Нас привели на грязный двор внутренней тюрьмы, Лубянки-2. Я ждала очереди около дощатой уборной

 

 

- 40 -

и, подняв голову, смотрела на небо, его не видно было из нашей камеры.

— Аээх! — вздохнул охранявший нас молоденький красноармеец.—Живо жалко!

— Кого?

— Старый поп-то, чего он им сделал?

Часа в четыре меня позвали на допрос. Мучила жажда.

В мягком кожаном кресле сидел самодовольный, упитанный следователь Агранов*.

Это был уже мой второй допрос.

В первый раз Aгранов достал папку бумаг и, указывая мне на нее, сказал:

— Я должен вас предупредить, гражданка Толстая, что ваши товарищи по процессу гораздо разумнее вас, они давно уже сообщили мне о вашем участии в деле. Видите, это показания Мельгунона**, он подробно описывает все дело, не щадя, разумеется, и вас...

— А ведь это старые приемы,—перебила я его,— эти самые приемы употреблялись охранным отделением при допросе революционеров.

Агранов передернулся.

— Ваше дело, я хотел облегчить участь вашу и ваших друзей.

— Вы давно в партии, товарищ Агранов?—спросила я.

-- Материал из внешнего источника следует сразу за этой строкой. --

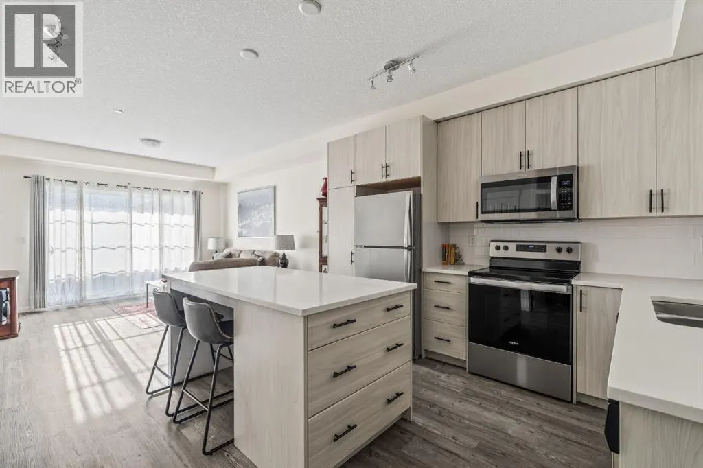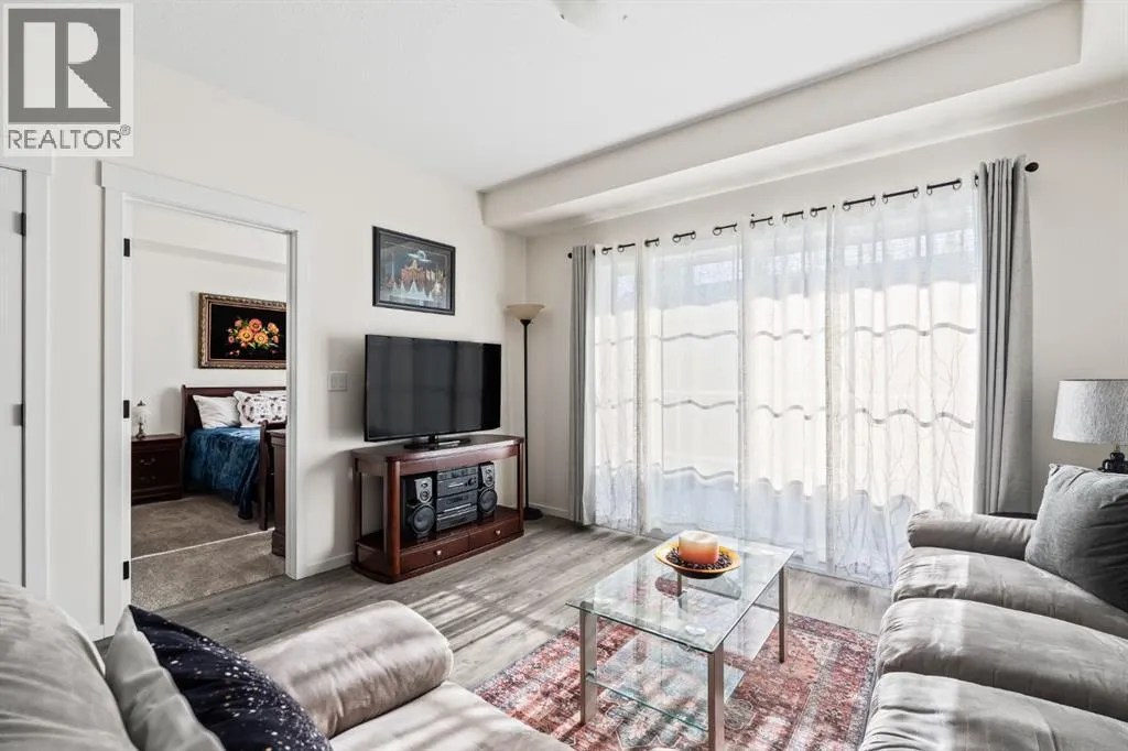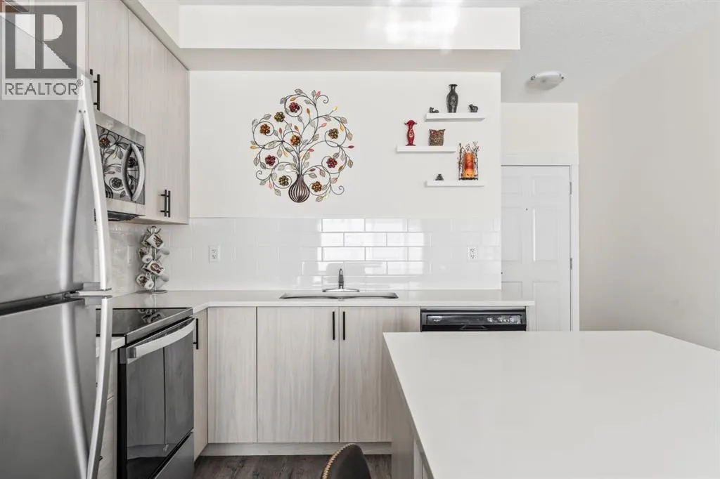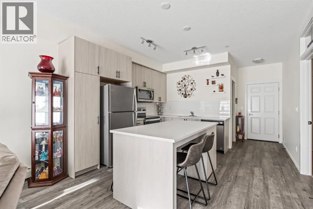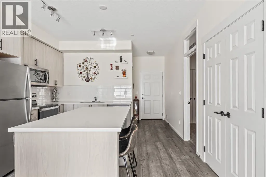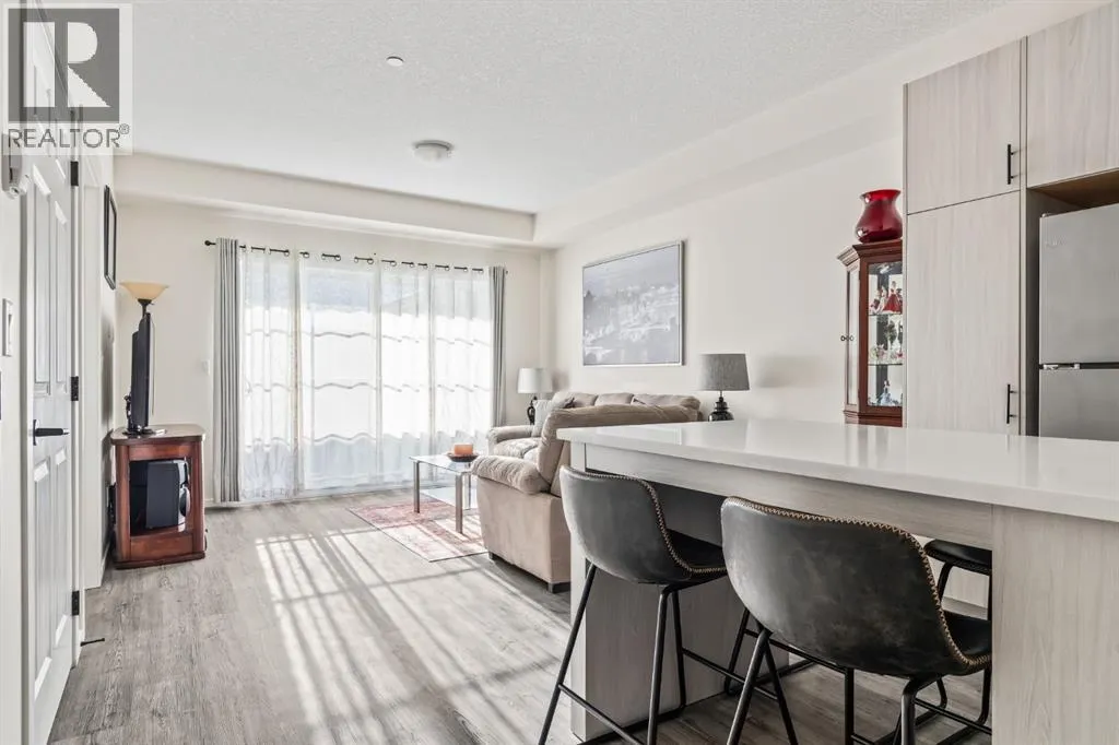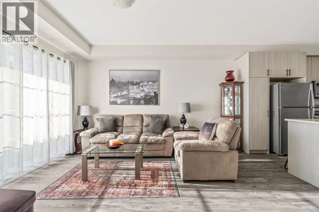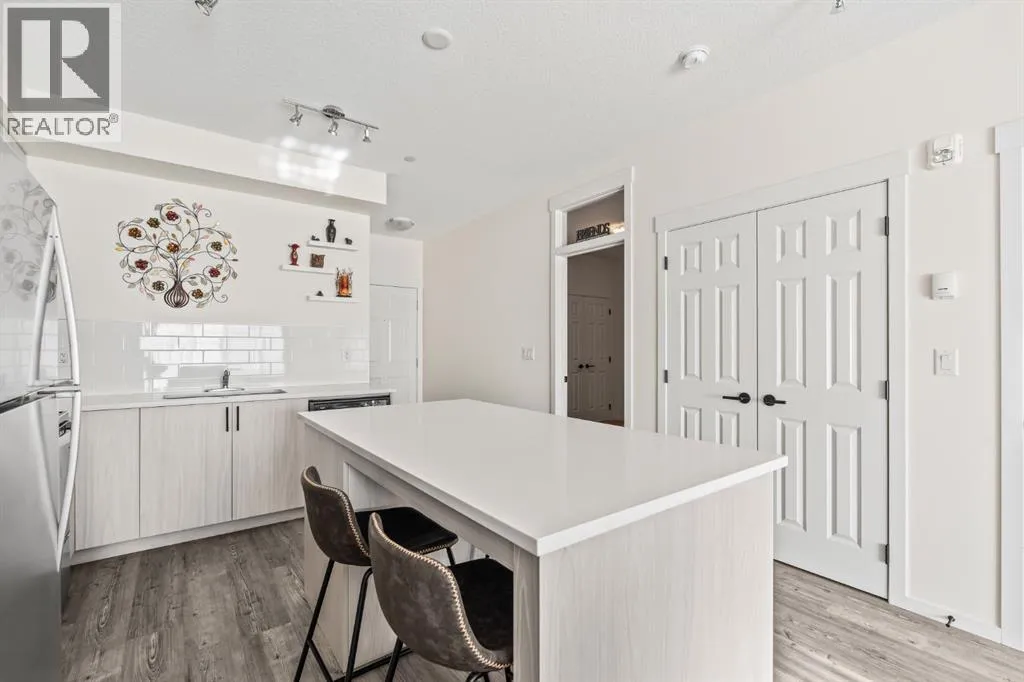 Welcome to this beautifully designed third floor condo in the sought-after community of Legacy. Boasting 752 square feet of modern, open-concept living space, this 2-bedroom, 2-bathroom unit blends style and functionality for comfortable everyday living. Step inside and be greeted by a bright and spacious front living room with oversized, south facing sliding patio doors that flood the space with natural light and lead to your private balcony the perfect spot to enjoy your morning coffee or unwind in the evening. At the heart of the home is a gorgeous kitchen that will inspire any home chef, featuring stainless steel appliances, quartz countertops, a designer tile backsplash and an abundance of cabinetry, all centred around a large central island ideal for casual dining and entertaining. The luxury vinyl plank flooring throughout the main living areas offers both durability and style. Retreat to the large primary bedroom, complete with a walkthrough closet and a private ensuite featuring a stand-up shower. The second bedroom is versatile and would make a fantastic home office, guest room, or workout space. Additional highlights include one titled parking stall, a separate storage locker and in-suite laundry for added convenience. Located in the vibrant and growing community of Legacy, youâll enjoy quick access to a variety of nearby amenities including shops, restaurants, walking paths, playgrounds, and transit options. Families will appreciate the close proximity to All Saints High School, while commuters will benefit from easy access to major roadways. Donât miss this opportunity to own a stunning top-floor unit in one of Calgaryâs most desirable neighbourhoods. (id:27476)

— Это не относится к делу, а что?

— Вас преследовало царское правительство?

— Разумеется, но я не понимаю…

— А вы тогда выдавали своих близких для облегчения своей участи?

 


* Агранов, Яков Савлович (?—1938). Расстрелян во время чисток.

 

** Мельгунов, Сергей Петрович (1879—1956), Эмигрант с 1823 г.

 

- 41 -

Он позвонил.

— Отвести гражданку в камеру. Увидим, что вы скажете через полгодика...

В этот раз я также отказалась ему отвечать. Нахмурилась и молчала.

— Что это, гражданка Толстая, вы как будто утеряли свою прежнюю бодрость?

Меня взорвало.

— А вам известно, что в тюрьме нет ни капли воды, что заключенных кормили селедкой?

— Вот как? Неужели?

Но я поняла, что он об этом знает.

— Ведь это же пытка, ведь это...

— Стакан чаю,—крикнул Агранов,—не угодно ли курить?—любезно придвинул он мне прекрасные египетские папиросы.

— Я не стану отвечать. Неужели нельзя послать воды хоть в ведрах заключенным?—Стоявший передо мною стакан чаю еще больше разжигал бессильную злобу.

— Не хотите отвечать?—любезная улыбка превратилась в насмешливую злую гримасу.—Я думаю, что если вы посидите у нас еще немного, то сделаетесь сговорчивее. Отвести гражданку в камеру,— крикнул он надзирателю.

Нам принесли кипяток только к вечеру.

Я просидела два месяца на Лубянке-2. После угрозы Агранова я не ждала скорого освобождения и удивилась, Когда надзиратель пришел за мной, — Гражданка Толстая! На свободу! Перед тем как выйти из камеры, я по всей стене громадными буквами написала: «Дух человеческий свободен! Его нельзя ограничить ничем; ни стенами, ни решетками!»